Exhibit 5.1 and 23.1
November 20, 2023
W. P. Carey Inc.
One Manhattan West, 395 9th Avenue
58th Floor
New York, New York 10001
Re: Registration Statement on Form S‑8 for W. P. Carey Inc.
W. P. Carey Inc. Non-Employee Director Stock Election Plan
Ladies and Gentlemen:
We have acted as counsel to W. P. Carey Inc., a Maryland corporation (the “Company”), in connection with the registration under the Securities Act of 1933 (the “Act”) on Form S-8 (the “Registration Statement”) of the issuance by the Company from time to time of up to 100,000 shares of its Common Stock, par value $0.001 per share (the “Shares”) under the Company’s Non-Employee Director Stock Election Plan (the “Plan”).
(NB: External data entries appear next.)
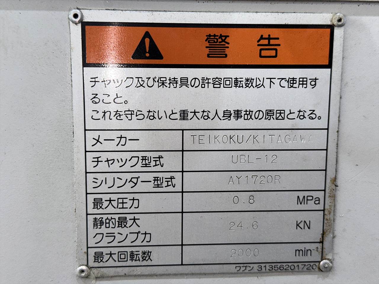 チャックサイス゛:無し(標準は10インチです。12インチエアーチャックが付いていましたが、特殊仕様で他の機械に転用しました。回転シリ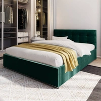 Polsterbett Alvorada 180x200 flaschengrün mit Container im modernen skandinavischen Stil mit gestepptem Kopfteil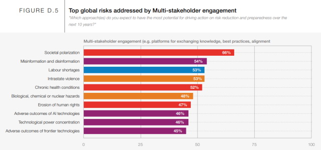「作為未來兩年內預料到的最嚴重的全球風險,國內外的行為者都將利用錯誤和假信息進一步擴大社會和政治分歧。」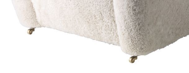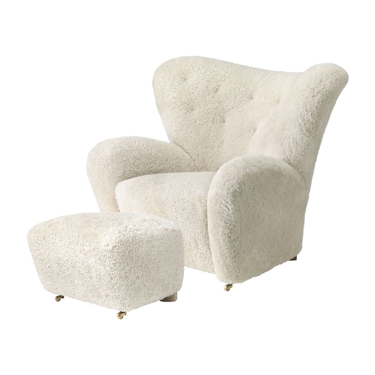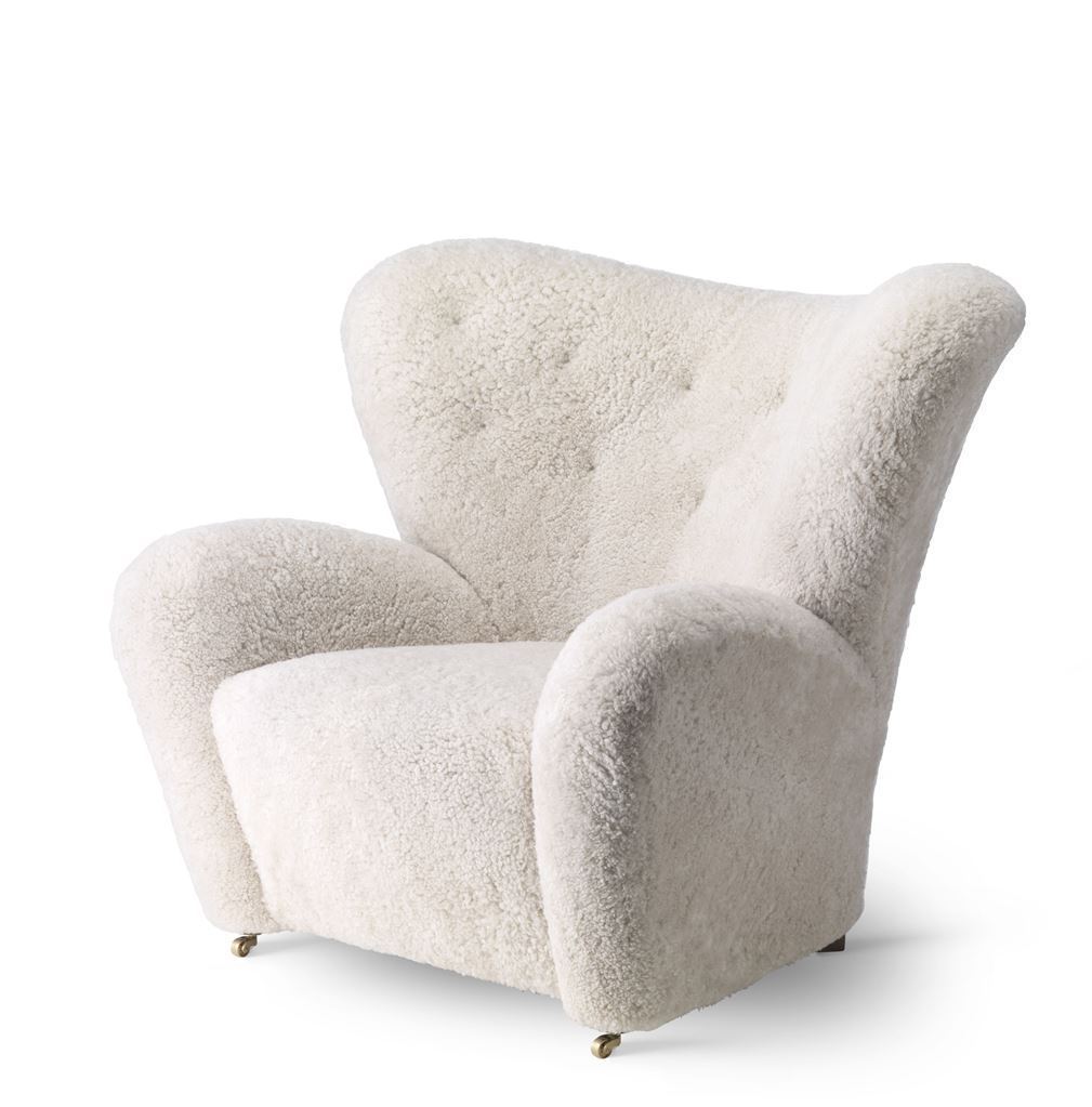 Polstret lænestol "Den Trætte Mand" designet af Flemming Lassen i 1935. Lænestolen er polsret med lammeskind og kommer i en flot lys Moonlight farve. Lænestolens ben er i røget eg, og de to forreste ben har et par praktiske hjul, så lænestolen er nem at flytte rundt på. Stolen udskiller sig ved dens bjørne-agtige form og det omfangsrige armlæn, som sørger for at siddekomforten er i top. At sidde i stolen, skal ifølge Flemming Lassen være '' Lige så varm og sikker som en isbjørneunge i sin mors favn, midt på iskappen.'' I stolen kan du sidde godt tilpas og læse din avis, hygge med strikketøjet, læse højt for børn eller børnebørn - eller du kan slænge benene over armlænet til en god film, og det naturlige lammeskind er let at rengøre og vedligeholde. Lænestolen har en sædehøjde på 35 cm, og en tilhørende skammel til at fuldende oplevelsen medfølger.

We have examined such corporate records, certificates and other documents, and such questions of law as we have considered necessary or appropriate for the purposes of this opinion, including, without limitation, (a) the Articles of Incorporation of the Company, as presently in effect, (b) the Bylaws of the Company, as presently in effect, (c) the Registration Statement, and (d) the Plan. In making the foregoing examinations, we have assumed the genuineness of all signatures and the authenticity of all documents submitted to us as originals, the conformity to the original documents of all documents submitted to us as copies, and the authority and legal competence of persons who executed such documents. As to the various questions of fact material to this opinion, we have relied, to the extent deemed reasonably appropriate, upon representations of officers or directors of the Company and upon documents, records, and instruments furnished to us by the Company, without independently checking or verifying the accuracy of such documents, records, and instruments. Upon the basis of such examination, we advise you that, in our opinion, the Shares have been duly authorized, and when the Registration Statement has become effective under the Act and when the Shares have been duly issued in accordance with the Plan, the Shares will be validly issued, fully paid and nonassessable.
The foregoing opinion is limited to the Federal laws of the United States and the laws of the State of Maryland, and we are expressing no opinion as to the effect of the laws of any other jurisdiction.
This opinion is rendered solely in connection with the transactions covered hereby, is limited to the matters stated herein, and no opinions may be implied or inferred beyond the matters expressly stated herein.
We hereby consent to the filing of this opinion as an exhibit to the Registration Statement. In giving such consent, we do not thereby admit that we are in the category of persons whose consent is required under Section 7 of the Act.